# Supplied material
[Start of Attachment]
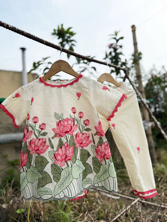 Lotus embroidered Kurta coord set
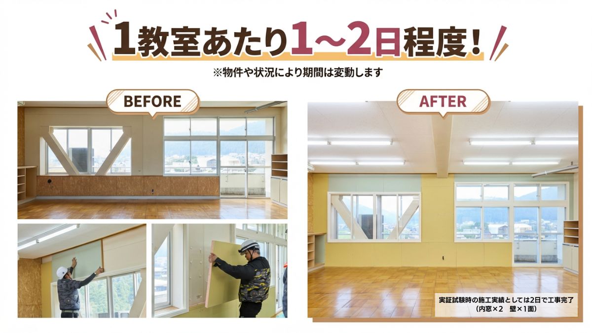 室内側に断熱材を施すことで工期を抑え、学校運営への影響を最小限にしながら、室温の安定化や冷暖房効率の向上が期待できます。
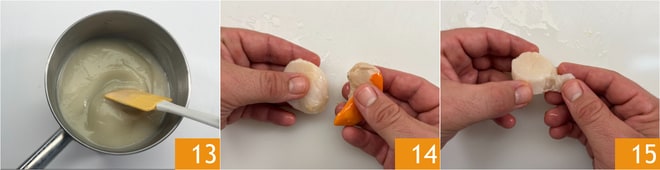 Recoge la crema de tupinambo en un cazo 13, para poder calentarla justo antes de servir. Finalmente, prepara las vieiras: elimina el coral 14 y la parte más dura 15, luego colócalas sobre papel absorbente para secarlas.
[End of Attachment]
# Task directions
Write out the material above precisely, leaving each picture behind.

# Solution to the exercise
 Lotus embroidered Kurta coord set
 室内側に断熱材を施すことで工期を抑え、学校運営への影響を最小限にしながら、室温の安定化や冷暖房効率の向上が期待できます。
 Recoge la crema de tupinambo en un cazo 13, para poder calentarla justo antes de servir. Finalmente, prepara las vieiras: elimina el coral 14 y la parte más dura 15, luego colócalas sobre papel absorbente para secarlas.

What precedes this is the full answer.